═══ PROVIDED RECORDS ═══

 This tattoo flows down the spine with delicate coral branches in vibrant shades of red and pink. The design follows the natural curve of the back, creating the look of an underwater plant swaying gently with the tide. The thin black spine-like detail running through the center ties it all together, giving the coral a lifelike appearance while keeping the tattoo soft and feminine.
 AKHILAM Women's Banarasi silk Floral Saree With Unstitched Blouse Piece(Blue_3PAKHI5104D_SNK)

═══
═══ PROVIDED RECORDS ═══

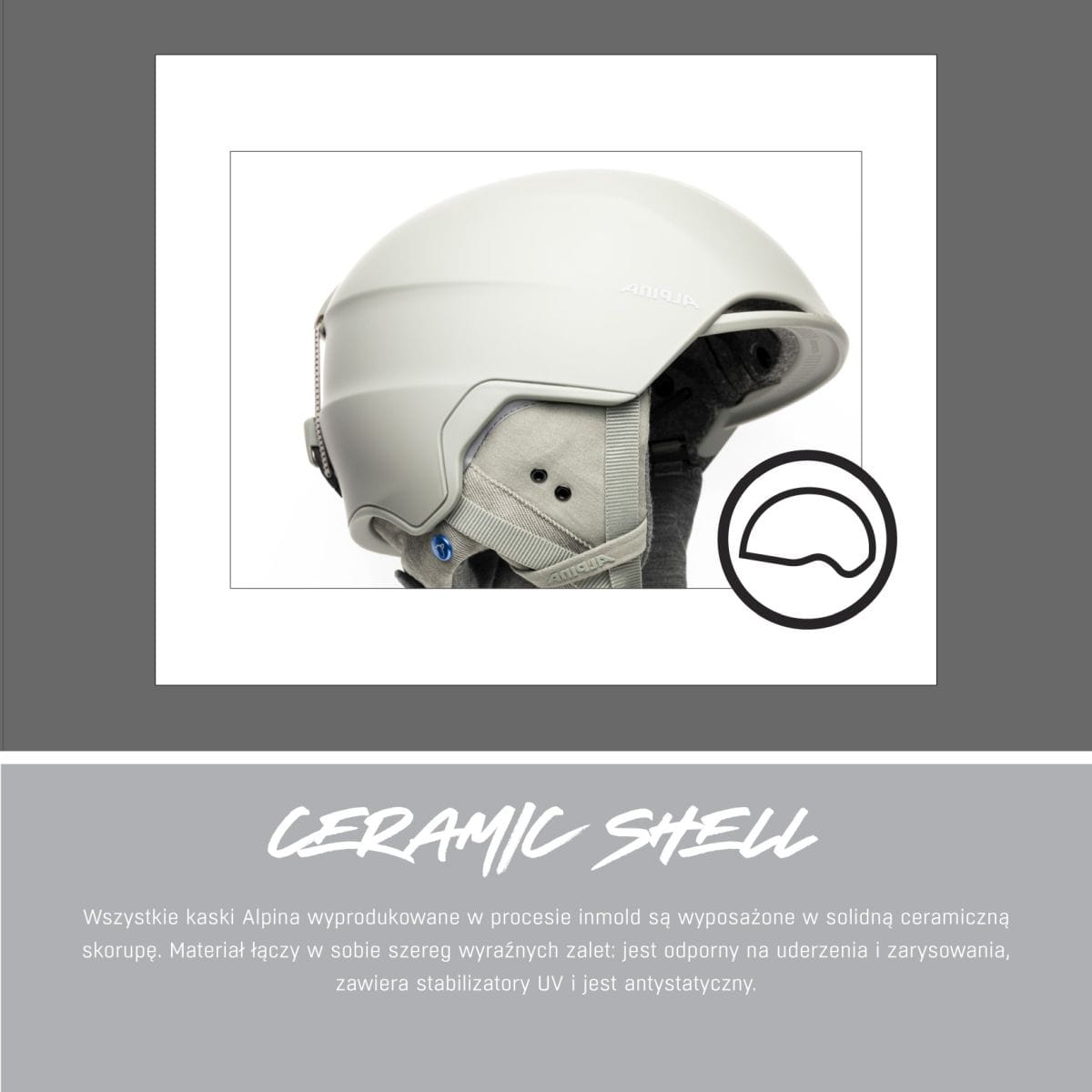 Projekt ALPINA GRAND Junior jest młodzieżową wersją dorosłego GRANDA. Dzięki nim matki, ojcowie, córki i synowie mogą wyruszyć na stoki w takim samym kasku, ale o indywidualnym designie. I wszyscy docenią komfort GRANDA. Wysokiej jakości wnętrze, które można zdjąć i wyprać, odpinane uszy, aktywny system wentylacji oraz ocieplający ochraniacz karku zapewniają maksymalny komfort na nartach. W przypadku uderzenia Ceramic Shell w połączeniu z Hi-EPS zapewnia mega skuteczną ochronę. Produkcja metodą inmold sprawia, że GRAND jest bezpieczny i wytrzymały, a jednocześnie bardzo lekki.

═══
═══ PROVIDED RECORDS ═══

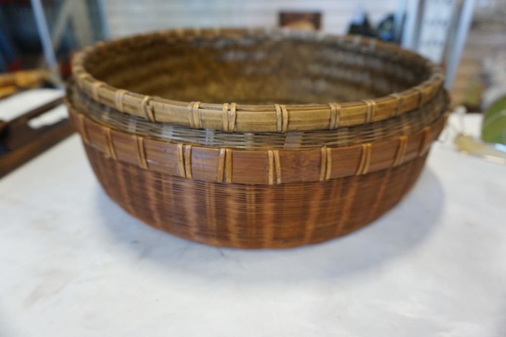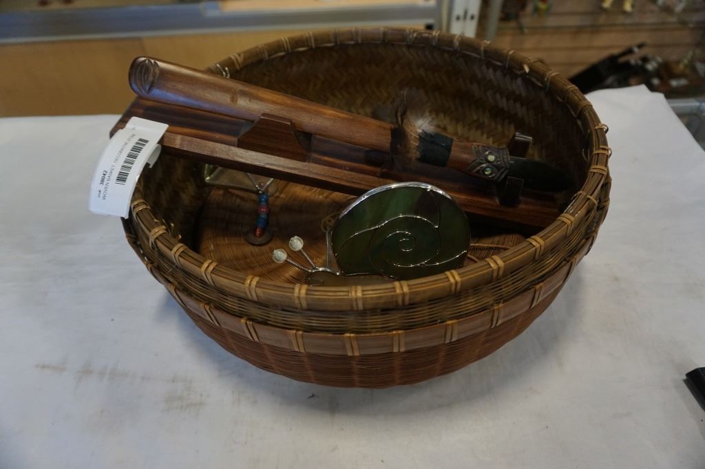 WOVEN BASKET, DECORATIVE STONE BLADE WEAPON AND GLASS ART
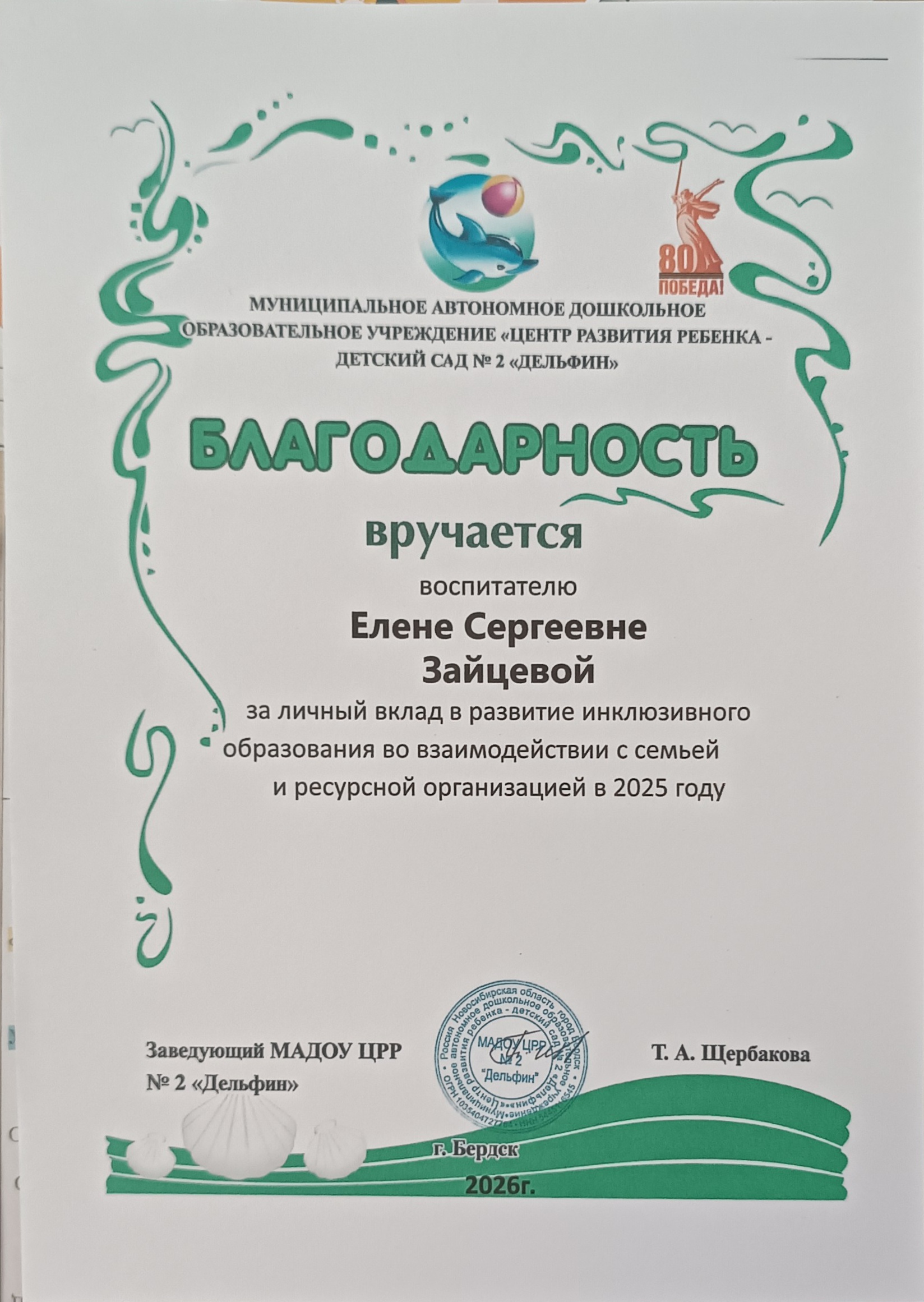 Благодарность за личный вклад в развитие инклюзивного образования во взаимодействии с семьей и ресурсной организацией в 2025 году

═══

[WHAT YOU SHOULD DO] Restate the lines above from the one containing "WOVEN BASKET, DECORATIVE" through the one containing "Благодарность за личный", inclusive, exactly and without pictures.

[ANSWER SECTION]
 WOVEN BASKET, DECORATIVE STONE BLADE WEAPON AND GLASS ART
 Благодарность за личный вклад в развитие инклюзивного образования во взаимодействии с семьей и ресурсной организацией в 2025 году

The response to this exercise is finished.